Bacterial CRISPR (clustered regularly interspaced short palindromic repeats)—Cas immunity is also widely recognized as an important player in phage evolution12. CRISPR loci consist of short DNA repeats separated by sequences, known as spacers, that match exogenous MGEs from invaders such as phages and plasmids. When the protospacer region of prophages in bacterial genomes are deleted, this may lead to interesting eco-evolutionary dynamics, suggesting an ongoing battle between phage and CRISPR-Cas systems even after the integration of a prophage into the host chromosome13,14.Indeed, the diversity, universality and richness of prophages have been revealed in studies of bacterial genomes of different species11,15, with approximately 40–50% of microbial genomes identified as carry prophages16. The prophages carried are variable between bacteria, with some bacteria carrying none, whilst others are polylysogenic and can carry over a dozen prophages6. However, due to the uncertainty of prophage induction, prophages and temperate phages have been studied far less than virulent phages17. In recent years, with the rapid development of large-scale bacterial genome sequencing projects and the development of prophage finding software9,10, our ability to detect prophages and to understand their distribution in across a range of bacteria has improved.

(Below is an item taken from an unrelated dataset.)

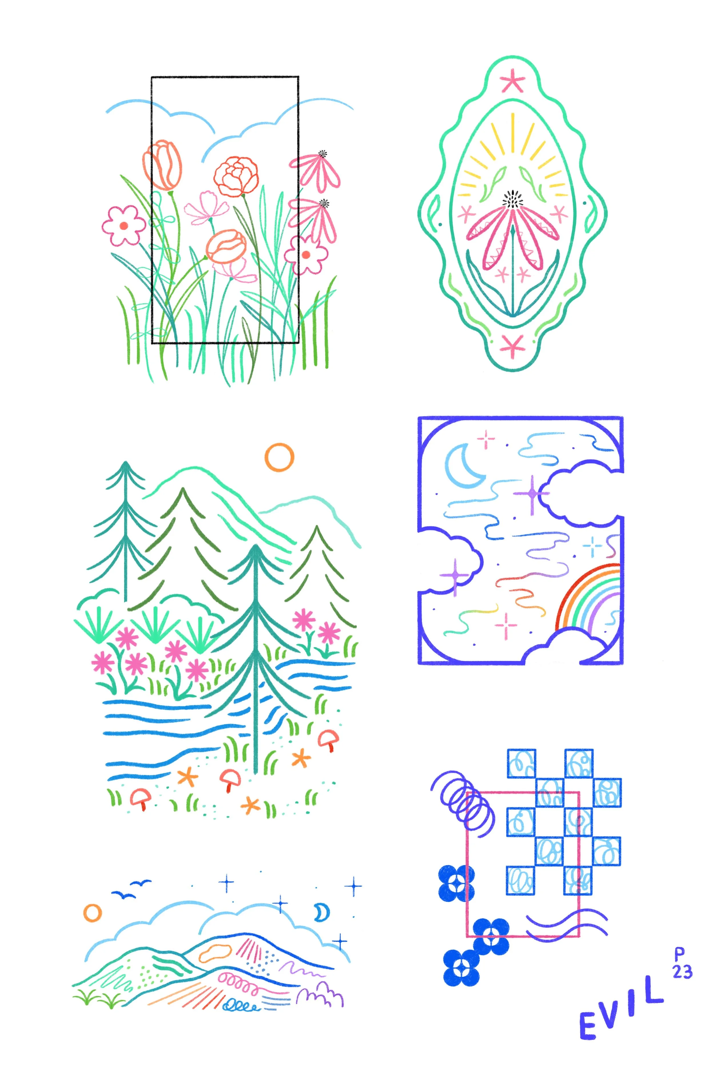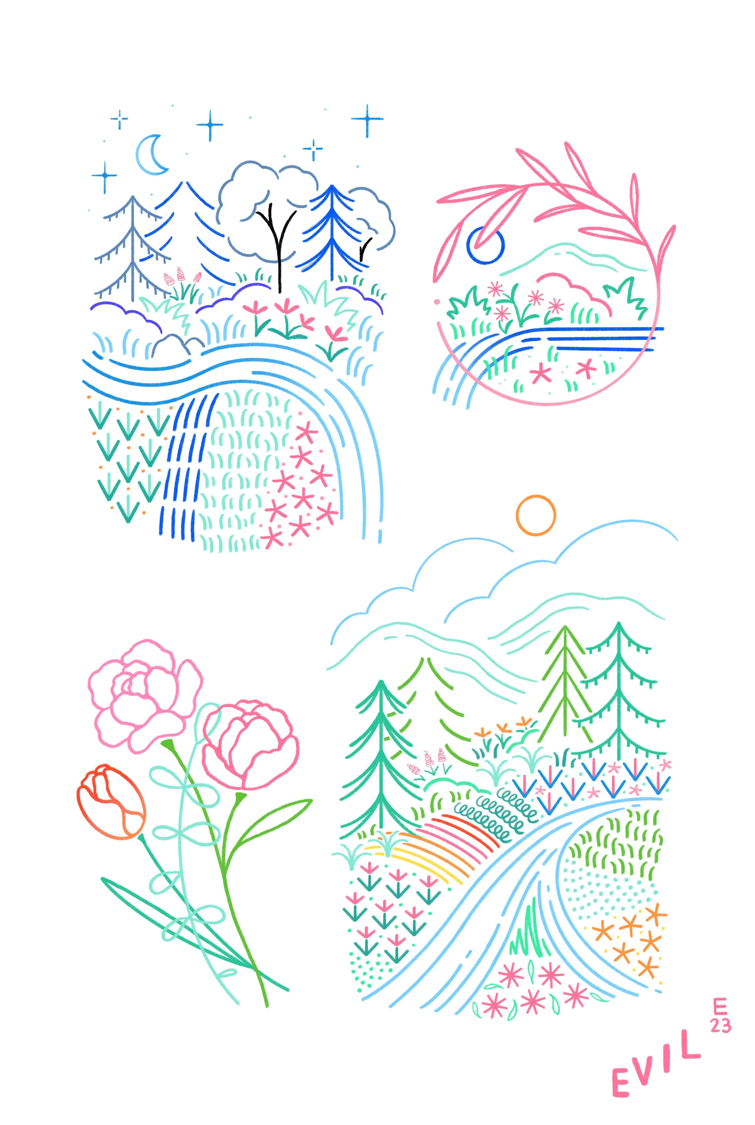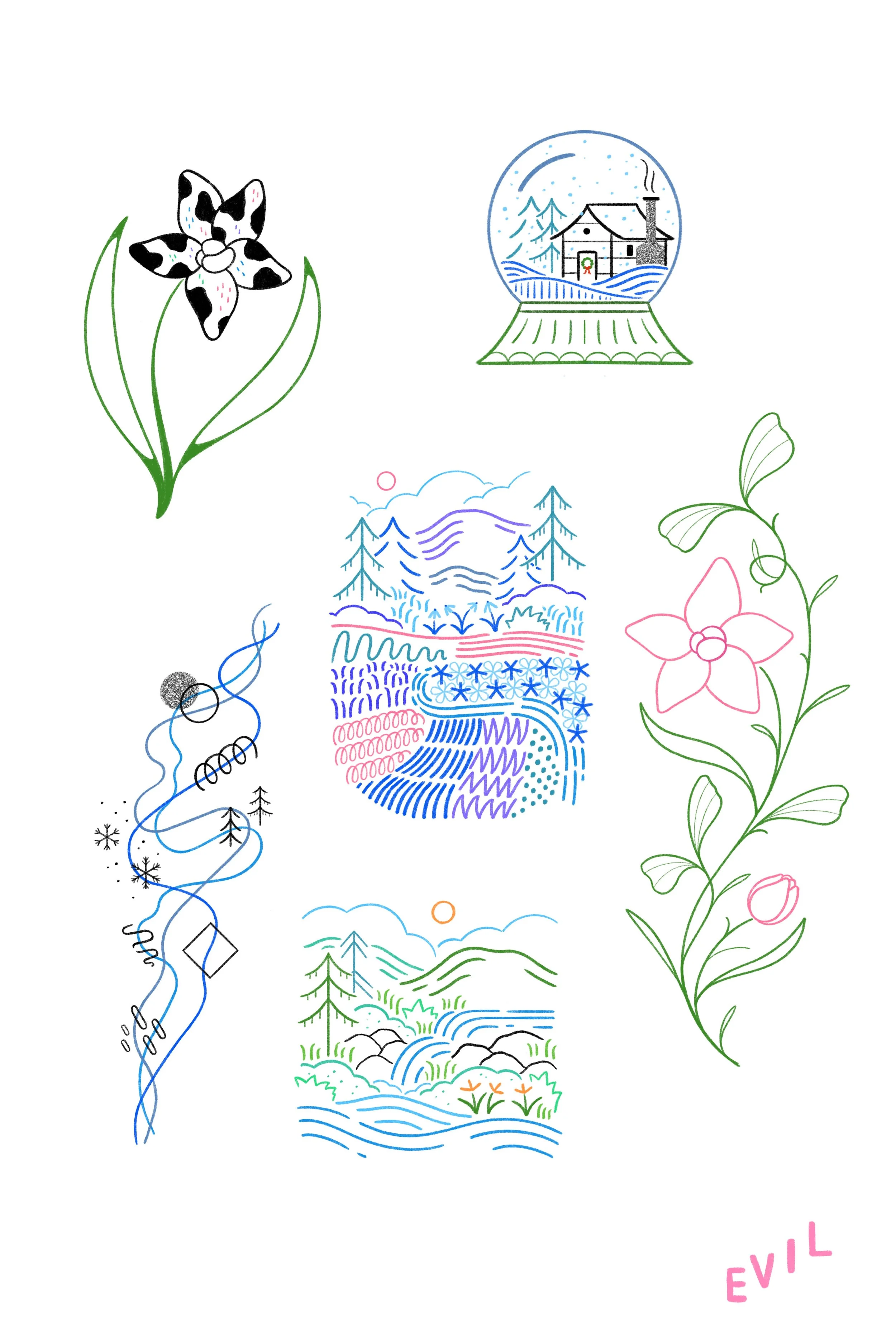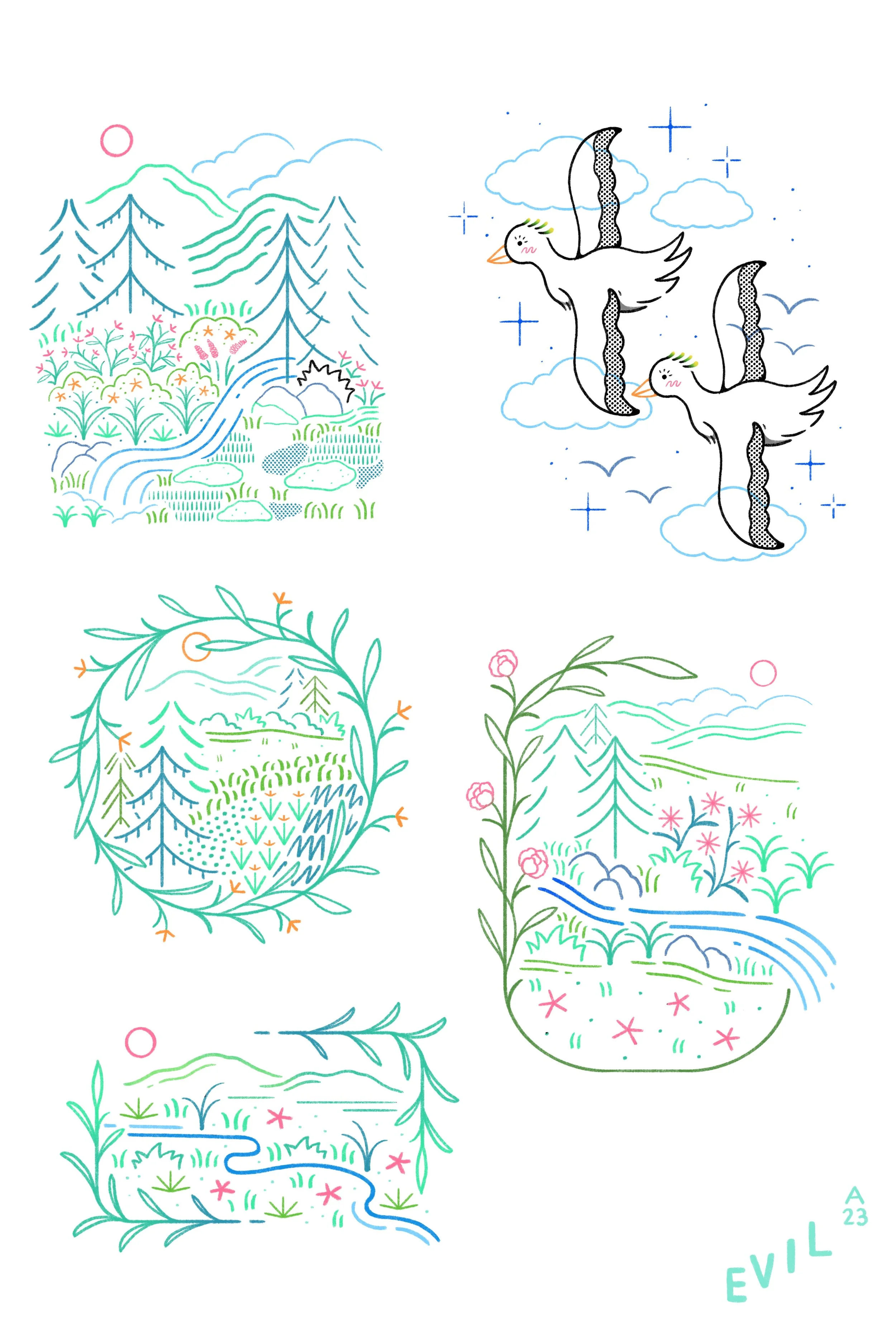 Les dessins servent de modèles. Des variations sont possibles pour la plus part des dessins. L’idée est de choisir les éléments que vous désirez dans votre projet pour construire la composition.

Stenotrophomonas maltophilia, a member of the Xanthomonadaceae family, is a Gram-negative aerobic bacterium widely distributed in hospitals, water, soil, plants, animals and humans17,18. It is causing concerns as a potential opportunistic pathogen with low virulence and high mortality, which can cause a variety of infections, such as pneumonia, bacteremia, meningitis, endocarditis and catheter-associated bacteremia/septicemia18. With the increase of nosocomial and community acquired S. maltophilia infections and resistance to a variety of antibiotics including cephalosporin and carbapenems, it has been identified by the World Health Organization (WHO) as one of the most underrated and important multi-drug resistant bacteria in hospitals19,20.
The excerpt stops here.